Purpose: The primary pathology in most inherited retinal diseases (IRDs) is located within photoreceptors. Standard automatic perimetry (SAP) can measure photoreceptor disease severity but cannot distinguish between rods, long/middle-wavelength (L/M)-sensitive, and short-wavelength (S)-sensitive cones. Herein we developed a protocol that can provide photoreceptor-specific sensitivities.
Methods: A commercial (unmodified) perimeter was used to develop a clinical protocol that includes five profiles along the vertical meridian, utilizing different chromatic stimuli presented in the dark-adapted state or on adapting backgrounds. Data were recorded by the Perimetry for IRD (PERIRD) consortium in control participants and patients with IRDs.
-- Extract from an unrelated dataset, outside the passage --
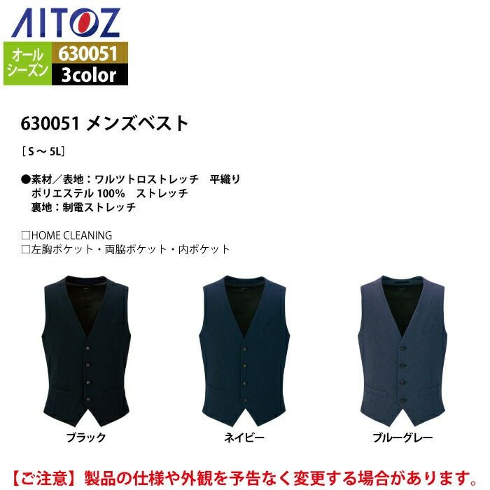 アイトス Aitoz オフィスウェア アイトス オフィスウェア Aitoz 630051 メンズベスト S-LL

Results: The protocol was developed by evaluating the relationship between chromatic thresholds and adapting backgrounds using a threshold-versus-intensity paradigm. Five conditions were selected: two-color dark-adapted, red-on-blue, and blue-on-yellow tests in addition to white-on-white SAP. Prediction intervals from control eyes were defined, and physiological ranges over which rod-, L/M-, and S-cone-specific results can be obtained were estimated. Testing in complete achromatopsia, blue-cone monochromacy, and enhanced S-cone syndrome confirmed classic patterns expected from cone diseases. Patients with incomplete achromatopsia showed partially retained L/M- or S-cone function. Patients with retinitis pigmentosa demonstrated use of photoreceptor-specific function to interpret different disease subtypes and stages. Total test time for the protocol was usually under 30 minutes.
Conclusions: Photoreceptor-specific function can be measured over a large dynamic range using a turnkey commercial perimeter and a relatively short, practical protocol that may be introduced into the clinic, translational work, and clinical trials.